If you want them on the stack, then you run into the problem of how to manage memory on the stack. What happens to the memory layout if you do v.remove(1)?

In Rust these questions are handled explicitly, it's not like in Java where all objects live in the same place with automatic garbage collection. That why you have various options for different ways of managing memory: Vec<&dyn T>, Vec<Box<dyn T>>, Vec<Rc<dyn T>>, Vec<*const dyn T>, etc.

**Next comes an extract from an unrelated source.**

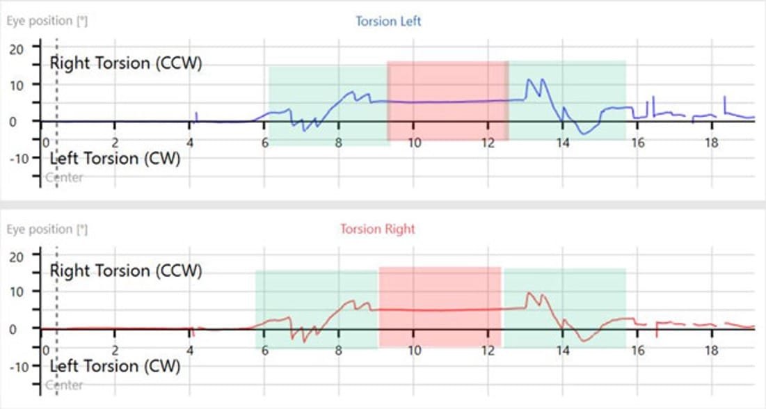 Baş yana doğru eğildiğinde, gözlerin karşı yönde küçük bir rotasyon hareketi yapması beklenir. Bu rotasyon, baş eğilse bile görsel alanın mümkün olduğunca sabit kalmasını sağlar. Bu refleks hareket, gözlerin yatay düzlemdeki stabilizasyonunu sağlar ve otolit organlarının (özellikle utriculus) işlevselliğini gösterir.

I am not seriously proposing anything. Just for fun. :grinning:

In my understanding , Vec will allocate memory in heap and Vec itself will be stack allocated (roughly hold a pointer to the heap allocated memory). the heap allocated memory may be divided into 2 parts , the first part is used to store the fat pointer array , the second part is used to store the real objects.

remove(1) will remove the fat pointer and its associated object.

If you want it to remove the object from the heap, then the heap allocated memory has to be divided into more than 2 parts, because if the objects were consecutive in memory, then v.remove(1) would leave an empty hole.

If you want one heap allocated array of pointers, and multiple separate heap allocations for the objects, then Vec<Box<dyn T>> says precisely that very nicely. There is no real value in hiding the Box from the type, it's good to have Box there, so that we know we're allocating each element on the heap.

3 Likes

This topic was automatically closed 90 days after the last reply. We invite you to open a new topic if you have further questions or comments.